Все-таки сучка эта Сытина. Живет как у Христа за пазухой, а все туда же – тюремщик… Лишь бы сына чужого оговорить. И не боится. Свои ж сыны подрастают. А если их кто оговорит?..

Смена закончилась, в местком поднялась.

Зоя Иванна приглашает:

– Садись, Антонина. Что ж ты с дитём своим делаешь? Девке шесть скоро, через два года – в школу. Ладно, болела, пока маленькая. Так теперь вроде и выровнялась, а все с бабкой сидит. Нормальные детки в садик ходят. Вон внуки у меня: и рисуют, и песни поют, и стишки рассказывают. Мать-то у тебя неграмотная – как к школе подготовит?

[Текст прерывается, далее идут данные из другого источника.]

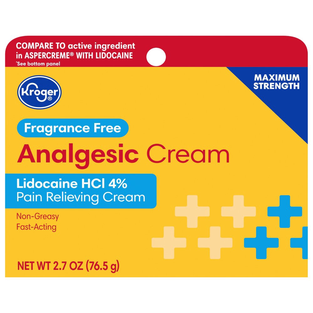 Use Kroger Analgesic + Lidocaine Cream for temporary relief of pain.Non-irritatingNon-greasyFast-actingOdor FreeProvides temporary relief of painContains 4% Lidocaine HCI

– Да нет, – оправдываюсь, – ничего: Сюзанночка и буквы все знает. Читает помаленьку.

– То-то, – говорит, – что помаленьку. А в садике учителя специальные, спектакли ставят. Раз в неделю музыкальное занятие. Разве сравнить? Недавно и в театр кукольный водили, на Седьмое ноября – под праздник. А как они к празднику готовились! Песенки, речевки разучивали. И питание в садике диетическое, разнообразное. Ты ж пойми: девочка твоя – не деревенская. Ей в городе жить.

– Спасибо, – говорю, – подумаю.

– Ты, – торопит, – скорее думай. Время уйдет – упустишь.

– Как там, – все-таки решилась спросить, – костюмчик?..

– Ты, – хмурится, – Антонина, вроде и не мать, а мачеха. Тебе дело говорят, а ты – про всякую ерунду. Вот вырастет девка старорежимная, локти станешь кусать, да уж поздно. Ладно, иди пока… А костюмчик обещали. К послезавтра, сказали, посмотрят. Может, еще и есть на складе. Мы ж их к ноябрьским заказывали – я и внукам брала…

Обратно иду, думаю: немоту-то от них скрыла. А ну как всплывет? У нас в цеху тоже одна была. На кислотах до последнего работала, живот себе перетягивала, чтобы поменьше видно. А мальчонка родился – сперва вроде здоровый. А потом глядят, а он и ходит плохо, и голова какая-то большая. Утешали сначала: ничего, может, выровняется. А потом пошло… Водянку мозга определили, который год по больницам… К ним попади только – затаскают по врачам. Совсем загубят девку. Нет уж, решаю. Не отдам. Живем хорошо, не хуже других. Ишь, театры у них… Так наша тоже пойдет в Мариинский. Обещали же – на балет. А праздники… Так и мы праздник устроим – елку нарядим, поглядим еще, чья лучше… Господи, думаю, а все равно страшно. Вдруг да отымут?..

Через дорогу пошла, а сердце бьется, колотится.

Бабки-то умные, конечно… Так ведь и Зоя неглупая: правду говорит. Они-то свое прожили. А жизнь другая настала – чего они знают?..

Домой пришла. Разговор начинаю:

– У нас в цеху в очередь некоторые встали – на телевизор. Триста сорок восемь рублей.

– Старыми? – Ариадна уточняет.

– Да какое, – говорю, – новыми.

– Батюшки! – Гликерия руками всплеснула. – По-старому три с половиной тыщи.